# How obsessive are you?



## 2400 (Feb 4, 2006)

Since we have a poll on being gross, here's one on being obsessive.

http://www.blogthings.com/howobsessiveareyouquiz/

I was 4%...


----------



## Wandering Man (Jul 9, 2006)

You Are 0% Obsessive 

You're less prone to obsessive thoughts than the rest of the world...
While you do get hung up from time to time, you're excellent at clearing your mind. 

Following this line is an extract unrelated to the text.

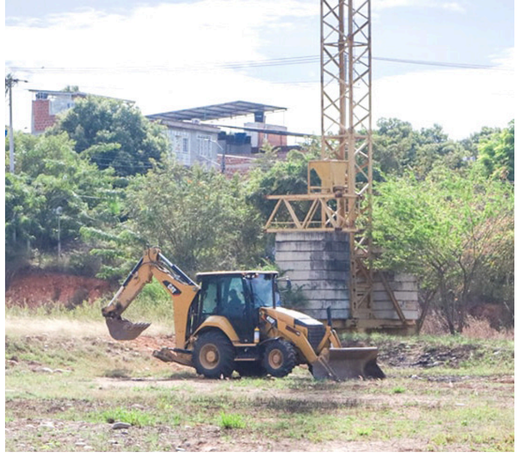
Fronteras del Milenio III constará de 13 torres de 12 pisos.

Now I'm going to spend al night worrying that I'm 0%. I may have to start counting words again.

WM


----------



## Shipwreck (Jan 26, 2006)

*You Are 28% Obsessive*










You tend to have a few obsessive thoughts, but you generally have them under control.
Sometimes your worries keep you up at night, though they usually don't interfere with your life.

*How Obsessive Are You?*

http://www.blogthings.com/howobsessiveareyouquiz/


----------



## Thor (May 11, 2006)

*You Are 56% Obsessive*










You're somewhat obsessive, especially when it comes to a couple things (like horrifying thoughts or cleanliness).
As long as your quirks aren't interrupting your life, it's all good.


----------



## scooter (May 9, 2006)

***You Are 4% Obsessive***

You're less prone to obsessive thoughts than the rest of the world...
While you do get hung up from time to time, you're excellent at clearing your mind.

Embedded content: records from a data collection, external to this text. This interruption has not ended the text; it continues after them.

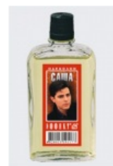
Снова «Саша», но с пробкой типа «Безбойка»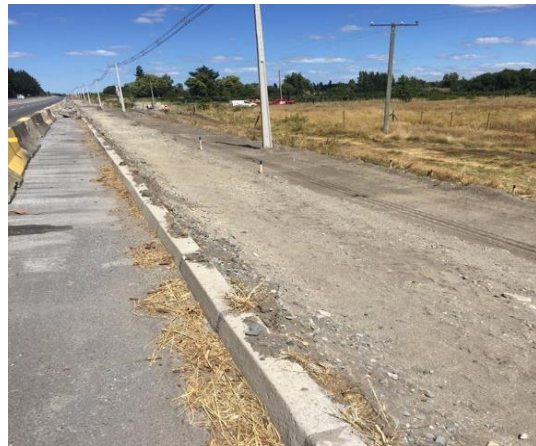
Fundaciones y Terraplén Pasarela Sector Puente Ibáñez, Dm 13.720, Sector A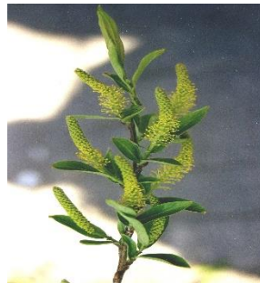
Salix continua triandra semperflorens

31832 Springe, OT. Bennigsen Immengarten 1 Tel.: 05045 / 8383, Fax: / 8104 www.immengarten-jaesch.de

Cuz I don' care 'bout squat anymore,Lifes too short to spend worrying about how short life will be:numbchuck: :smt021 :watching: :smt007 :finga:


----------



## Shipwreck (Jan 26, 2006)

scooter said:


> ***You Are 4% Obsessive***
> 
> You're less prone to obsessive thoughts than the rest of the world...
> While you do get hung up from time to time, you're excellent at clearing your mind.
> ...


Based on your results on the gross thread - U have spent most of your time getting gross instead of obsessive


----------



## Waffen (Feb 8, 2006)

You Are 4% Obsessive 

Scooter's got the right idea... No worries.


W


----------



## Baldy (Jun 21, 2006)

Don't worry about it and stuff happens. Why worry I can't change.


----------



## Baldy (Jun 21, 2006)

Don't worry about it and stuff happens. Why worry I can't change.


----------



## tony pasley (May 6, 2006)

iam not obessive,iam not obessive,i am not obessive, i am not obessive


----------



## Rustycompass (Jun 25, 2006)

*You Are 4% Obsessive*

You're less prone to obsessive thoughts than the rest of the world...
While you do get hung up from time to time, you're excellent at clearing your mind.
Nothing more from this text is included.